Thanks for the thorough answer.


----------



## Bandera (Jul 31, 2010)

Yeah i use an american gag for eventing. Pretty much gags are used in upper level jumping or eventing to keep a horse off the forehand and for leverage to slow them down. My gag is actually a waterford to so its prety severe but i tend to have soft giving hands and i only use it when i need it i.e. my 17hh warmblood x tb tank goes into a 25mph flat out gallop out of no where, then i used it lol.


----------



## Spastic_Dove (Oct 4, 2007)

The mouth pace isn't the part that applies the leverage, it's the parts that go outside the mouth that make the leverage, thats why they can look like snaffles which people commonly get confused about


----------



## Juniper (May 4, 2007)

Do they apply pressure to the poll as well as the mouth if you only attach the reins to the circle at the bottom of the shank? I always thought these bits were called Tom Thumb bits.


----------



## Spastic_Dove (Oct 4, 2007)

Tom thumbs are a leverage bit not a snaffle. Even though a lot of places call them "tom thumb snaffle" or something similar. 

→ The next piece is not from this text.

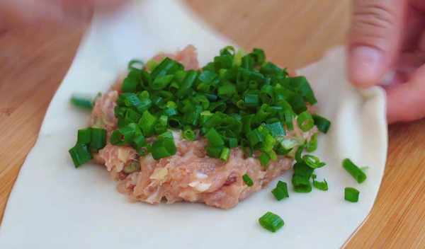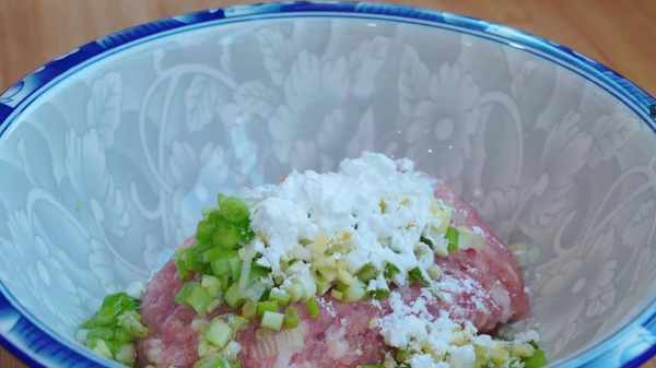 4,準備好一塊豬肉切成小塊再剁成肉餡放入碗中,打入一個雞蛋,加入蔥花,薑末,半勺玉米淀粉順著一個方向攪拌上勁。

The shorter the shank, the less severe the leverage so i think the only way to make it act without leverage (Though ive never tried it) is to attach to the largest circle.


----------



## Juniper (May 4, 2007)

hmm, I am still a bit (no pun intended) confused. So the point of a gag bit is to put pressure on the poll and mouth, correct? Where as other bits are only working on the mouth? Does a curb bit not do that, because it has a shank as well? Is it because you run something through the circle at the sides of the bit that makes it function differently from other bits?


----------



## noddy (Apr 1, 2010)

Curb bits put pressure on the jaw through a chain or strap, as well as on the poll and mouth. I'm not entirely sure, but I think curbs put more even pressure all over the head instead of a sharper pressure on the poll/mouth. Most bits called curbs don't have a snaffle ring though, only a leverage point.

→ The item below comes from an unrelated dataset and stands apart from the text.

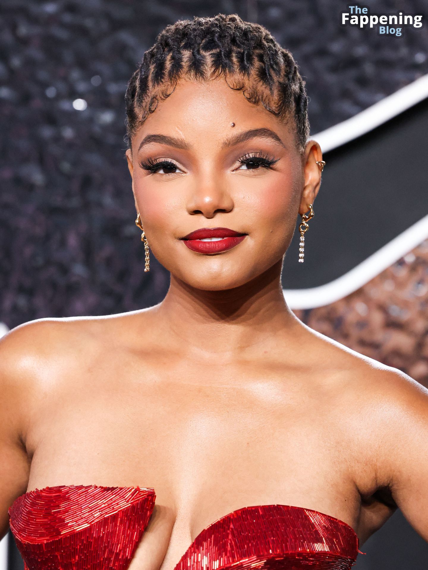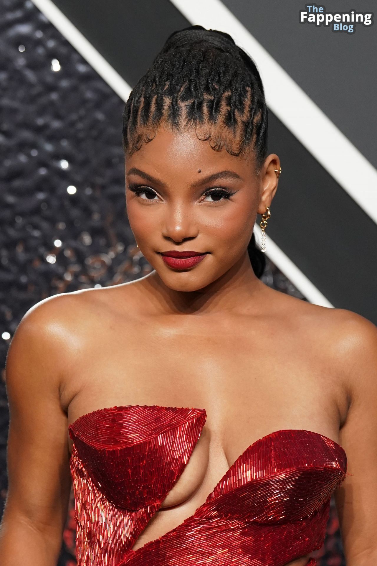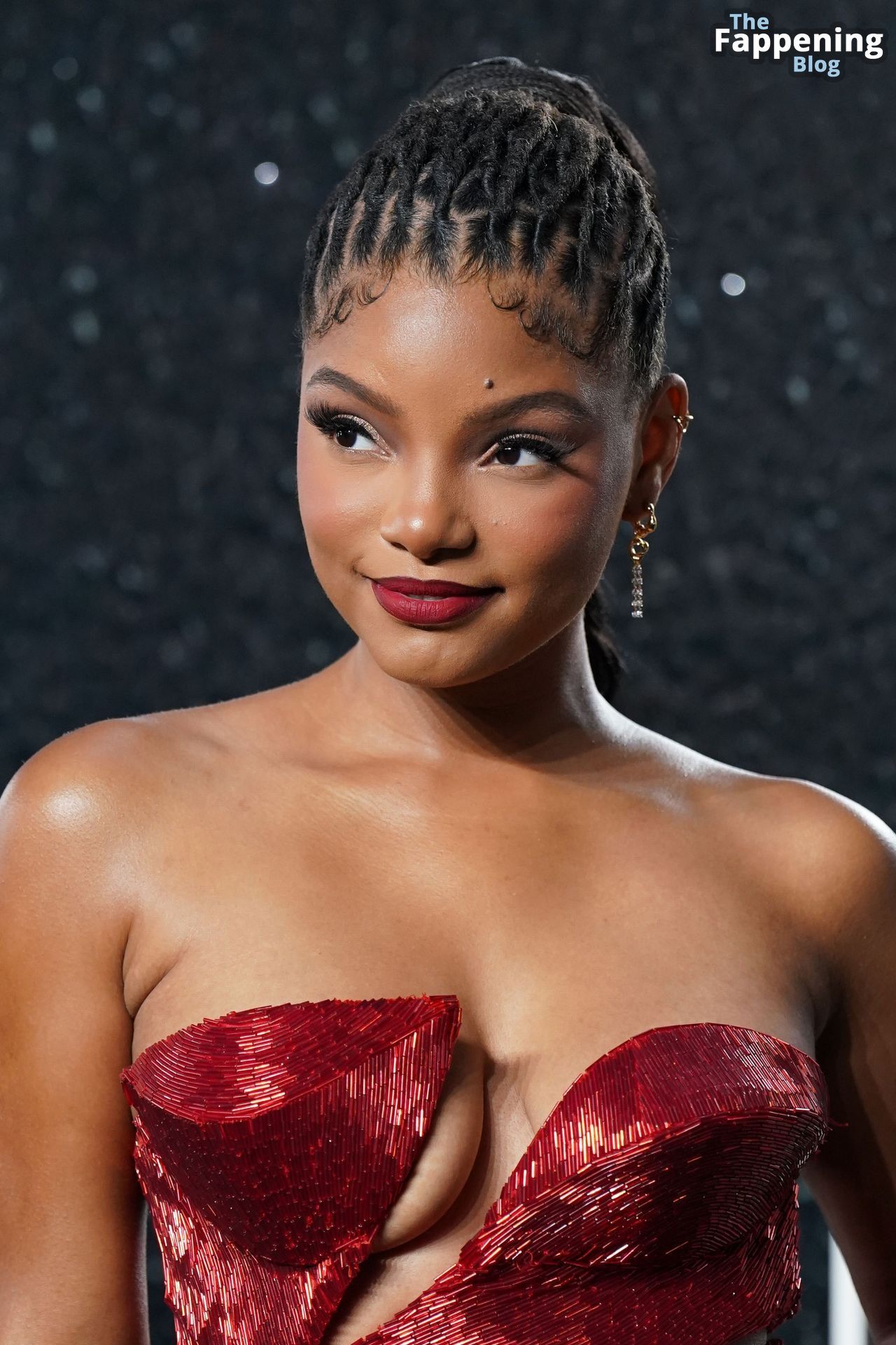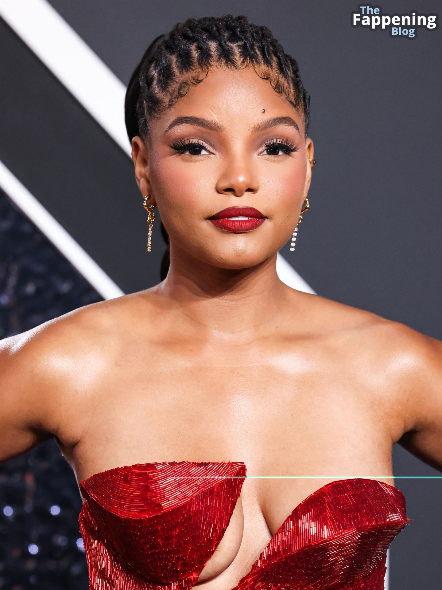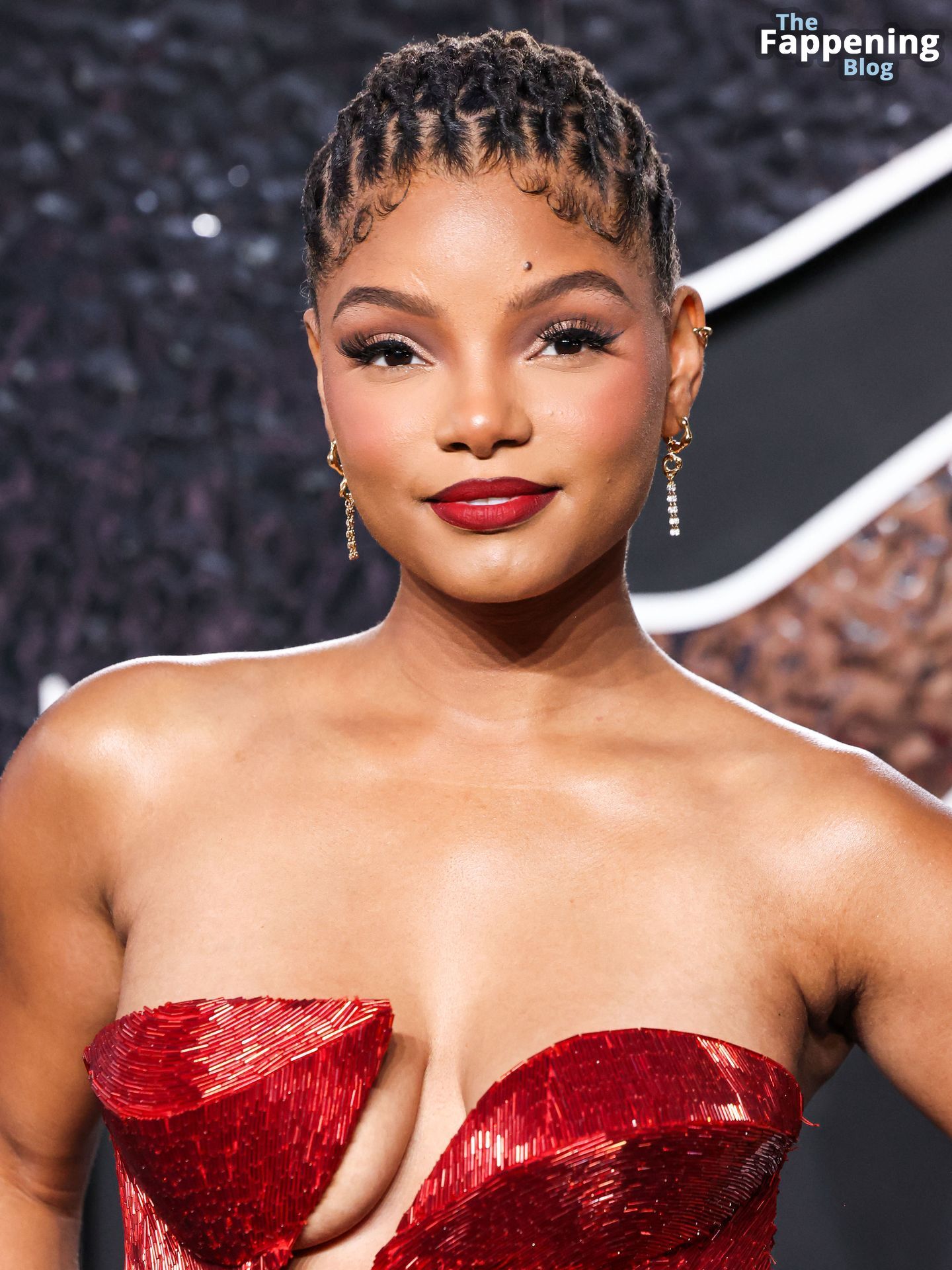 Halle Bailey is seen at the MTV VMAs in NYC, turnin’ heads with her bold, cleavage-baring look. Peep her outfit and that revealing style.

Gags work on the bars through the snaffle point (or direct rein, which attaches to the main ring on, for example, the running gag), and on a "vice" around the poll and mouth through the gag which would attach to the strap running through the main ring on the running gag.


----------



## Juniper (May 4, 2007)

okay that helps. do you use two reins with a gag bit then?
Not sure why I am interested, so far a snaffle is all I ride in. I don't do much other than trail so it works.
I think it is the name of the bit has always made me wonder what it is.


----------



## noddy (Apr 1, 2010)

It's personal preference, really. You can sometimes see jumpers with a running gag and only one rein, but Dutch Gags are usually seen with roundings. I know in polo they use two reins for more surface push because they neck rein, as well as a running gag being a decent set of brakes (sometimes there are ponies with the gag rein and a set of draw reins through the snaffle on a running gag - but every bit of equipment on a polo pony has a purpose, and I've yet to meet a polo player that has harsh hands).


----------